Not all U.S. bats stay in one place year-round. In the northern states, solitary tree-dwelling species like the red bat and silver-haired bat migrate south when winter approaches, following insect availability. In the southern states, colonial species like the Mexican free-tailed bat also migrate, crossing into Mexico for the winter months and returning in spring as their prey moves north again.

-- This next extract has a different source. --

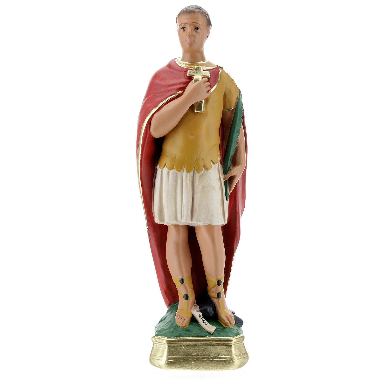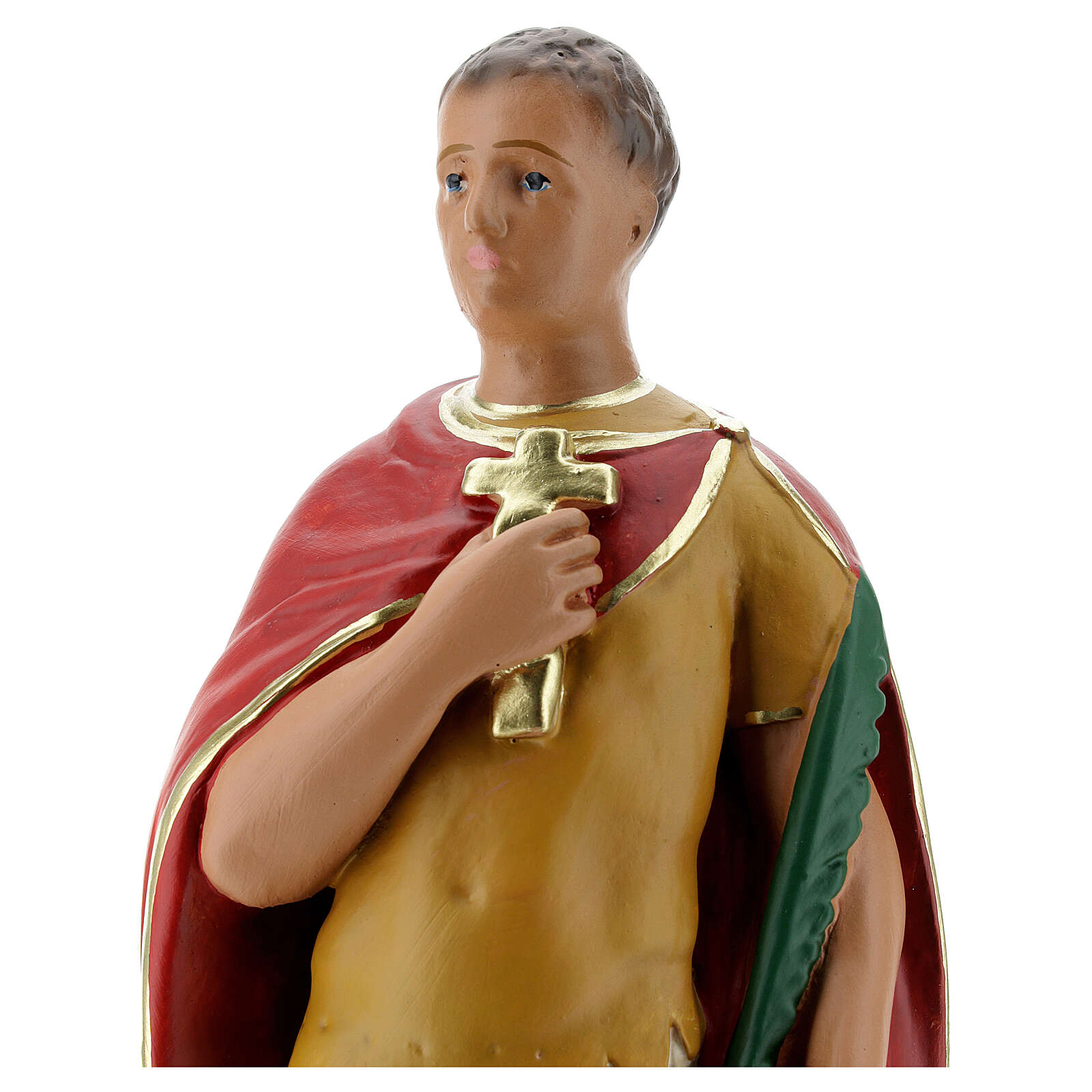 Schöne Statue von Expedit, angefertigt aus Gips und von Hand bemalt. Hergestellt wurde sie von dem italienischen Unternehmen Arte Barsanti, welches schon seit vielen Jahren religiöse und traditionelle Figuren und Krippenzubehör herstellt.

Species that don’t migrate typically hibernate. Townsend’s big-eared bat, found across the western U.S., hibernates in cold caves and mines, folding its oversized ears flat against its body to conserve heat. Maternity colonies of up to 200 females form in spring and summer, then disperse in fall as bats seek out hibernation sites. This means the same species can occupy very different locations depending on the time of year, a detail that matters if you’re trying to spot bats or understand why they appear in your area seasonally.

Rabies Risk by Region

Bats are the leading source of human rabies cases in the United States. Among the 42 domestically acquired human rabies cases reported between 2000 and 2024, bat contact was responsible for 35 of them, or 83%. In 2024 alone, two people died from bat-associated rabies, one in Minnesota and one in California.

That said, the overall infection rate in bats is low. Among bats submitted for testing (which skews toward sick or behaving-abnormally animals), roughly 5% test positive for rabies. The risk is not concentrated in any single region. It exists wherever bats are found, which is every state. The practical takeaway: never handle a bat with bare hands, and if you wake up to find a bat in your bedroom, contact your local health department, since bites can be small enough to go unnoticed.